The crisis deepened as yields on investments in western countries rose in 2022 due to interest rate hikes aimed at calming down inflation, said market operators.
Not only Bangladesh but also other frontier markets saw withdrawal of foreign investments that year to divert funds into higher yielding markets.
The outflow of funds persisted as of July this year though share transactions came down significantly since the floor price made buy-sell of shares almost impossible. As a result, the market turnover dropped drastically.
The present market scenario hardly reminds us of the rosy picture in 2012-2017. The net position of foreign portfolio investment was positive for the six years in a row, meaning more money flowed in than out.
The DSE introduced the broad index DSEX in January 2013 with a base of 4,055 points replacing the previous benchmark index DGEN.
From the time until December 2017, the DSEX went up 54 per cent, or 2,189 points, to 6,244 points.
In 2017, blue chip securities were rising high and that attracted investments in those stocks.
The daily average turnover was recorded at Tk 8.74 billion in 2017, which slumped to Tk 5.51 billion in 2018.
Managing Director of Prime Bank Securities Md. Moniruzzaman said increased liquidity flow in the country's stock market in 2013 had attracted huge foreign investments.
Chief Executive Officer (CFO) of BRAC EPL Stock Brokerage Ahsanur Rahman factored in a policy decision apart from the market's rally at the time.
He said the central bank allowed local brokerage firms to share their commission with foreign stock brokers in 2013, which encouraged investors abroad to put money in Bangladesh's stock market.

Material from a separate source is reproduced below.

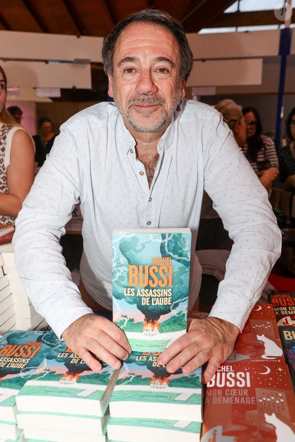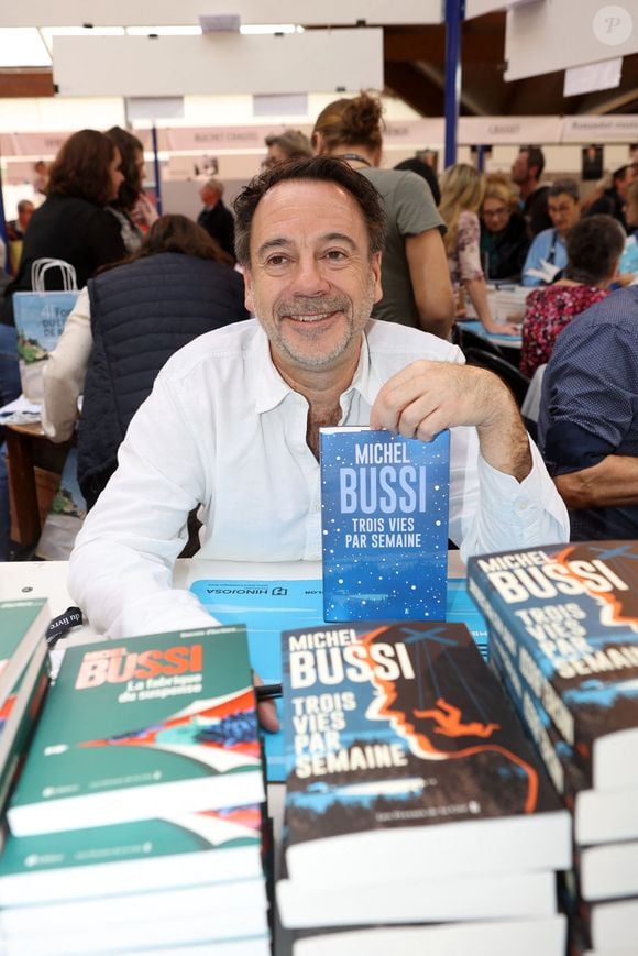 Le 14 août 2025, il a publié son nouveau thriller “Les ombres du monde”, mêlant suspense, complot et événements historiques, tout en continuant à mener une vie simple et discrète. Michel Bussi, à la Halle Georges Brassens de Brive-la-Gaillarde, le 8 novembre 2024. Foire du Livre de Brive 2024. © Jean-Marc Lhomer / Bestimage

However, before anything else foreign investors like to see liquidity flow in a market. Market rallies and high turnover volumes in the DSE until 2018 played as luring factors.

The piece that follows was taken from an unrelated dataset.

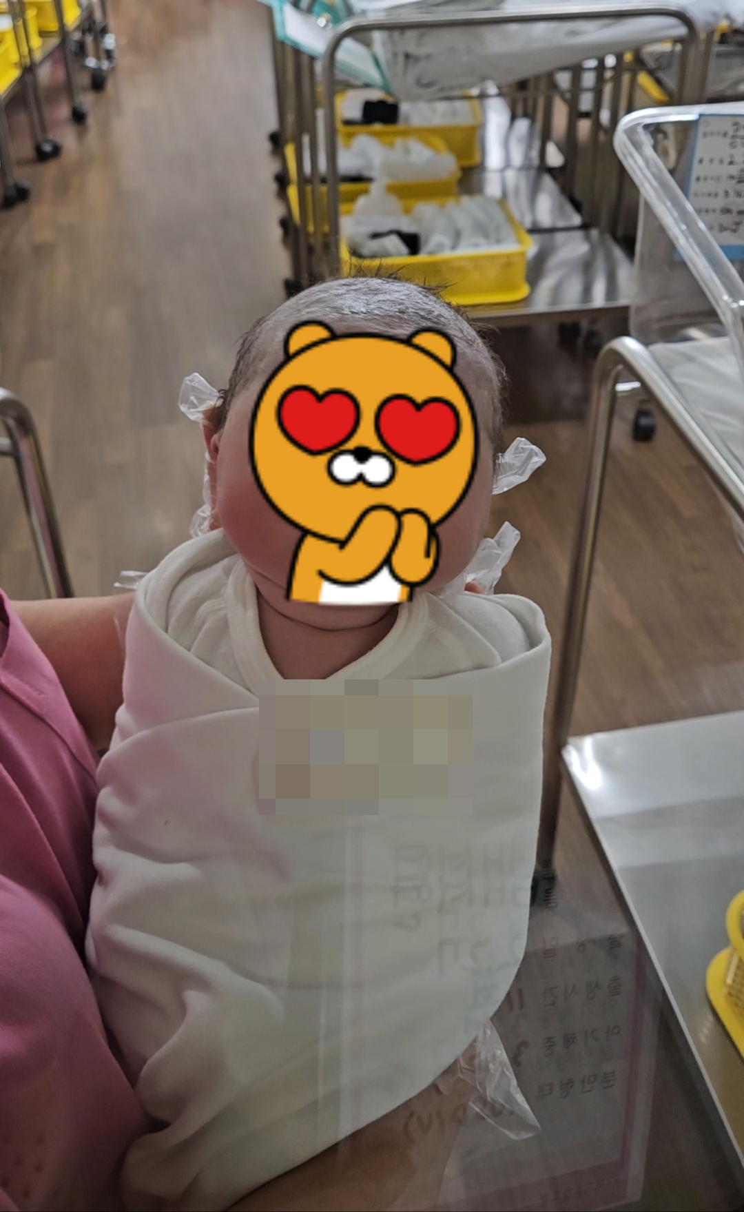그러고 한 시간 정도 지났을 때 신생아실에서 잠깐 내려오라고 콜이 왔습니다.

The flow of money went in reverse since 2018. The broad index DSEX declined 869 points or 14 per cent in the year. The following year, the index dipped 1,013 points or 18 per cent.
Moniruzzaman said frontier markets had gone through depressed periods both in 2018 and 2019. Foreign investors did not consider many of these markets, including Bangladesh, as lucrative spots for investments.
Also, when the weaknesses of the banking sector were laid bare, substantial amount of money was withdrawn from bank stocks in 2020, Moniruzzaman added.
The year also witnessed the imposition of the stock price movement restriction for the first time.
In 2020, the DSE saw the highest total sale amounting to Tk 65 billion from foreign portfolios against purchases worth Tk 39 billion, despite the fact that the broad index advanced 949 points or 21 per cent in the year.
The floor price introduced in March 2020 hampered price discovery. On top of that a disruption in the global supply chain for Covid brought down foreign investments in the market.
CEO of BRAC EPL, Mr. Rahman said he had observed a rise in participation in August this year. "Many of them [foreign investors] requested us to arrange meetings with good companies."
In January this year, sales of Tk 1.35b, the highest, were recorded while purchases were worth Tk 212.61 million.
The stock brokers said foreign investors fixed their allocations of new investments for frontier and emerging markets at the beginning of a year.
"Sell and buy of substantial amounts are executed in this month to rebalance foreign portfolios," said Salim Afzal Shawon, head of research at BRAC EPL Stock Brokerage.
Then in February, global investment research firm Morgan Stanley Capital International (MSCI) in its latest quarterly review announced its decision to bring no change in measuring Bangladeshi stocks' performance in its frontier markets' index.
The decision was made due to the deterioration of liquidity situation for the floor price. If a country's stock performance is not reviewed by the MSCI, many foreign portfolio investors are unable to understand what is happening in that market.
In consequence, the month saw the highest negative position of Tk 1.24 billion in foreign transactions. The DSE's daily turnover volumes hovered between Tk 2.31 billion and Tk 5.81 billion in February.
A sort of recovery began in March but that did not last long.